Notwithstanding any other provision of this Agreement, to the extent that
Indemnitee is, by reason of his Corporate Status, a party to and is successful,
on the merits or otherwise, in any Proceeding, he shall be indemnified to the
maximum extent permitted by law against all Expenses actually and reasonably
incurred by him or on his behalf in connection therewith.

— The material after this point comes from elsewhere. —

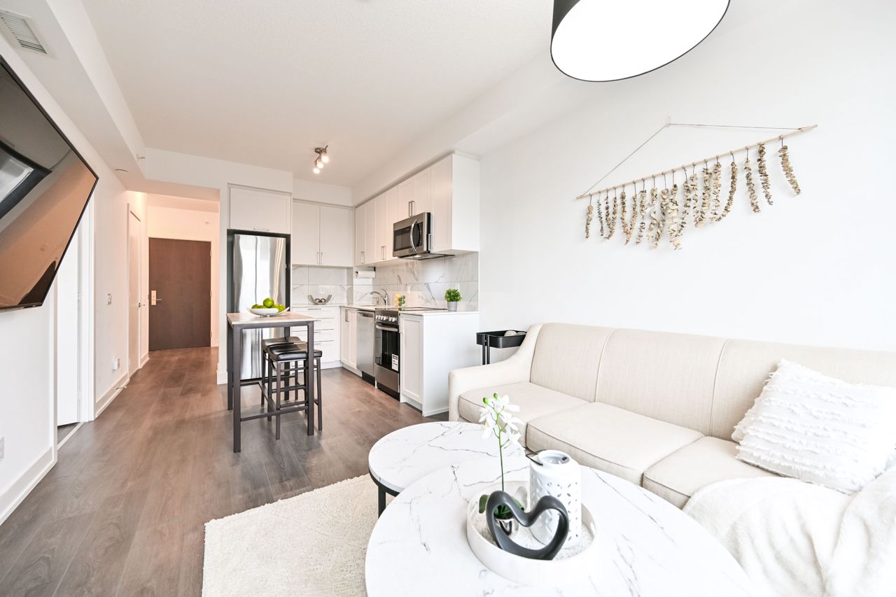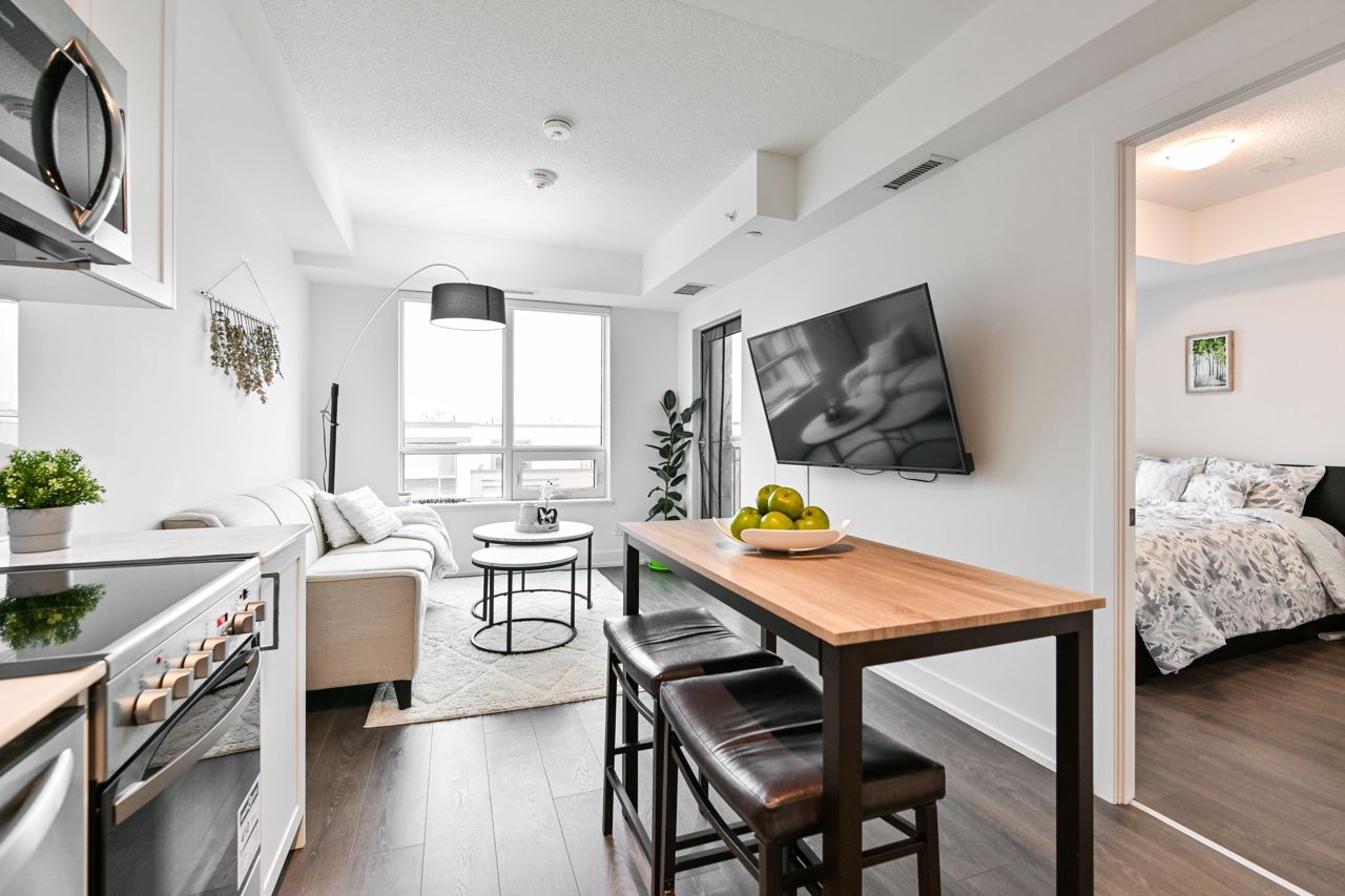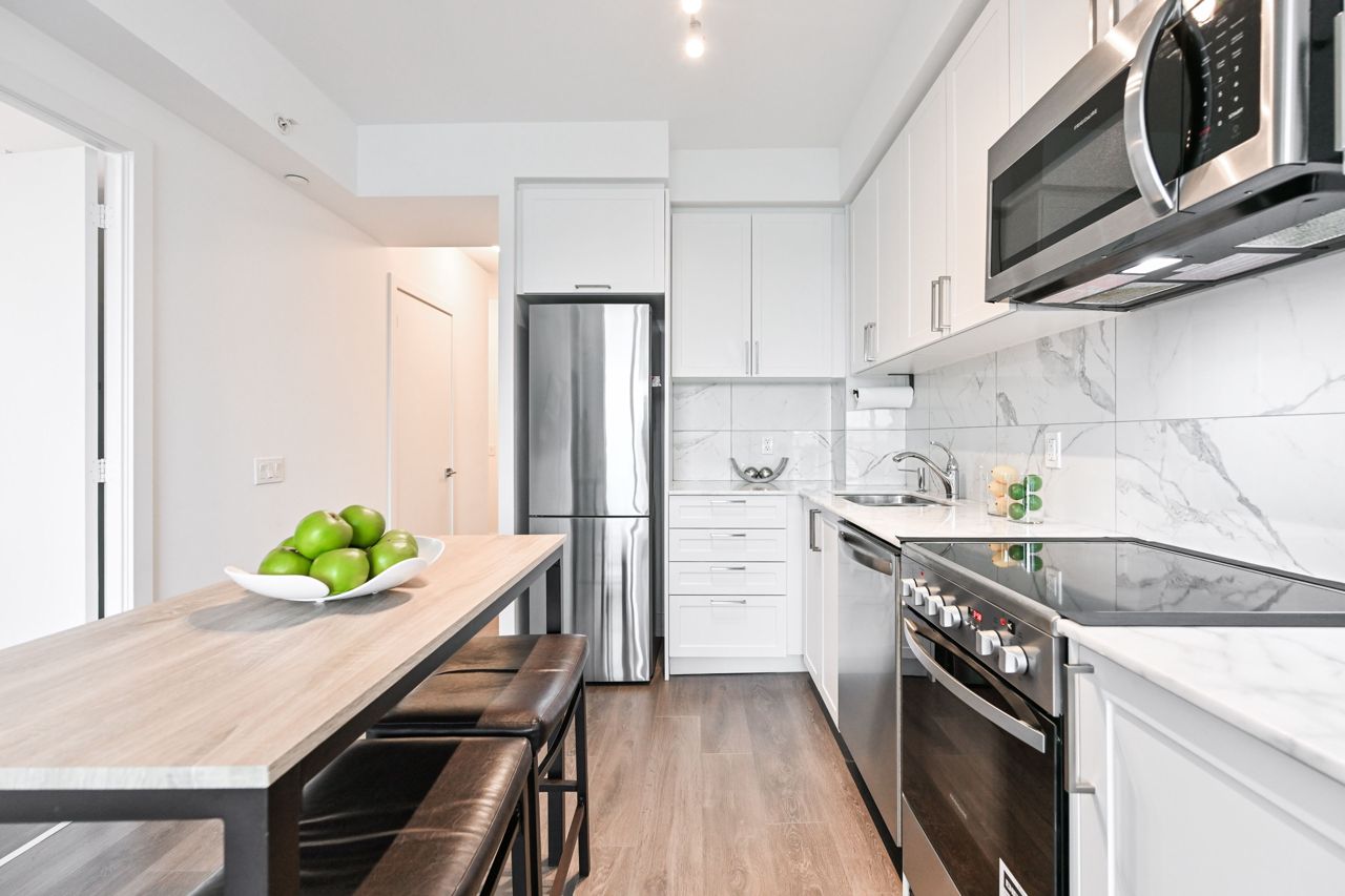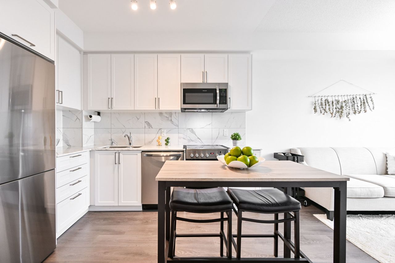 **Welcome To Luxurious Unionville Garden Nestled In Prestigious Unionville** By Developer Wyview Group, Kirkor Architects & IV By IV Designs (Interior Designer). Timeless Stone Exterior, Grand Lobby & State Of The Art Amenities (Fitness Centre, Saunas, Indoor Swimming Pool, Karaoke Room, Game Room, Guest Suite, 24Hrs Concierge, Visitors Parking, Rooftop Terrace With A Garden & Much More. This Spacious 1 Bed + Den, 1.5 Bathrooms & Open Balcony Has 9' Ceiling Throughout. Loaded With Many Upgrades $$$$, Contemporary Kitchen With Soft Closing Cabinets, Marble Countertop & Porcelain Backsplash. Closet Organizer In Primary Walk-In Closet & Porcelain Tiles Throughout. **Top Ranking School Catchment**, Mins To Hwy 404, 407 & Go Train Station. Steps To Whole Foods Market, LCBO, Banks, Shops, Restaurants & Cafes. Close Downtown Markham, VIP Cinemas, Markville Mall, Future Markham York University Campus & Historic Mainstreet Unionville. One Parking and One Locker Included.Stainless Steel Fridge, Stove, Microwave/Range Hood, Dishwasher, Washer And Dryer, Existing Electric Light Fixtures, Existing Window Coverings

For purposes of this
Agreement and without limiting the foregoing, if any action, suit or proceeding
is disposed of, on the merits or otherwise (including a disposition without
prejudice), without (i) the disposition being adverse to Indemnitee, (ii) an
adjudication that Indemnitee was liable to the Corporation, (iii) a plea of
guilty or nolo contendere
by
Indemnitee, (iv) an adjudication that Indemnitee did not act in good faith
and
in a manner Indemnitee reasonably believed to be in or not opposed to the best
interests of the Corporation, and (v) with respect to any criminal proceeding,
an adjudication that Indemnitee had reasonable cause to believe Indemnitee’s
conduct was unlawful, Indemnitee shall be considered for the purposes hereof
to
have been wholly successful with respect thereto.
If
Indemnitee is not wholly successful in such Proceeding, but is successful,
on
the merits or otherwise, as to one or more, but less than all claims, issues
or
matters in such Proceeding, the Corporation shall indemnify Indemnitee against
all Expenses actually and reasonably incurred by him or on his behalf in
connection with each successfully resolved claim, issue or matter.
(d) Additional
Indemnity.
In
addition to, and without regard to any limitations on, the indemnification
provided for in Sections 4(a) through 4(c), the Corporation shall and hereby
does indemnify and hold harmless Indemnitee against all Expenses, judgments,
penalties, fines and amounts paid in settlement actually and reasonably incurred
by him or on his behalf if, by reason of his Corporate Status he is, or is
threatened to be made, a party to or participant in any Proceeding (including,
without limitation, a Proceeding by or in the right of the Corporation). The
only limitation that shall exist upon the Corporation’s obligations pursuant to
this Agreement shall be that the Corporation shall not be obligated to make
any
payment to Indemnitee that is finally determined (under the procedures, and
subject to the presumptions, set forth in Sections 6, 7 and 8 hereof) to be
unlawful under Delaware law.
(e)
Contribution in the Event of Joint Liability.
(i) Whether
or not the indemnification provided in Sections 4(a) through 4(d) hereof is
available, in respect of any threatened, pending or completed action, suit
or
proceeding in which the Corporation is jointly liable with Indemnitee (or would
be if joined in such action, suit or proceeding), the Corporation shall pay,
in
the first instance, the entire amount of any judgment or settlement of such
action, suit or Proceeding without requiring Indemnitee to contribute to such
payment, and the Corporation hereby waives and relinquishes any right of
contribution it may have against Indemnitee. The Corporation shall not enter
into any settlement of any action, suit or proceeding in which the Corporation
is jointly liable with Indemnitee (or would be if joined in such action, suit
or
proceeding) unless such settlement provides for a full and final release of
all
claims asserted against Indemnitee.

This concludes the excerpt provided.